Standard Life is taking a £37 million hit on its first-quarter profits to underpin guarantees made to investors in one of its global liquidity funds that they can get back the original cost of their investments.

At the same time it is restructuring the fund and withdrawing that guarantee for the future, and substituting a formula linking investors' entitlements to the "mark to market" value of the funds' underlying investments - high-yielding asset-backed securities, many based on mortgages.

Some of these are now being replaced with corporate bonds.

Similar problems with low "mark to market" valuations of investment packages for which the market has virtually dried up lie behind many of the far bigger write-downs forced on British and American banks.

Standard Life said it expects the cash cost to be no more than £17 million after tax because many of the underlying securities will deliver their full value when they mature.

A spokesman also said that most organisations who invest in the fund for a high-yield on money they can withdraw at seven days' notice will have to accept the new, more limited, guarantee.

Local authorities may be an exception, he added.

In a separate move to lower risks to its shareholders, Standard Life has reinsured £6.7 billion of liabilities to pay life-time pensions to owners of its annuities.

It believes this is the biggest UK deal of its kind, lowering the risk of these pensioners living longer than expected.

Standard Life reported worldwide life and pensions sales up eight per cent in the first quarter of this year at £4.47 billion on the basis of the present value of new business premiums.

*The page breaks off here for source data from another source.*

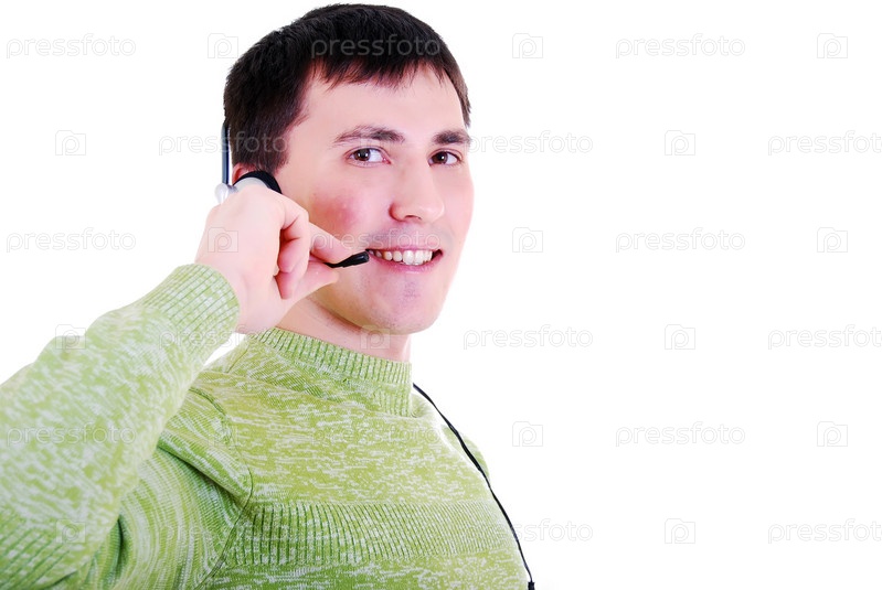 Молодой человек разговаривает по телефону при помощи гарнитуры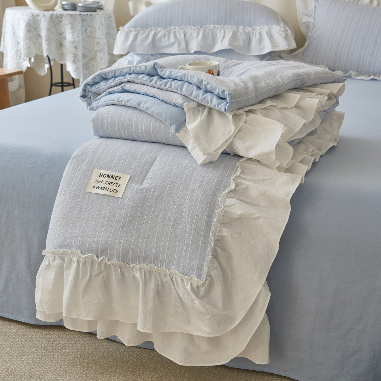 荷叶花边夏被四件套单人宿舍空调被双人可机洗夏天薄款被子夏凉被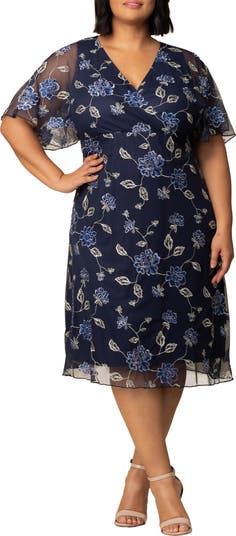 Kiyonna Sonnet Embroidered Midi Dress, Main, color, Navy Blue Blooms

The UK accounted for £3.51 billion of that, a six per cent increase.

Using a new measure setting claims, maturities and surrenders of its policies against new sales, Standard said its net inflows were up 31per cent to £986 million worldwide and by 42 percent to £826 million in the UK.

"We have delivered a solid performance in the first quarter against a backdrop of economic uncertainty and volatile markets," said Sandy Crombie, chief executive.

"While market conditions ahead appear challenging, particularly in the UK, we remain confident in our ability to outperform in the profitable segments in which we operate."

Like other mortgage lenders, Standard Life has cut back its new lending sharply to drive profitability in difficult credit markets.

Only 0.22 per cent of its existing mortgages are in arrears, it added, against an overall average of 1.2 per cent reported by the Council of Mortgage Lenders.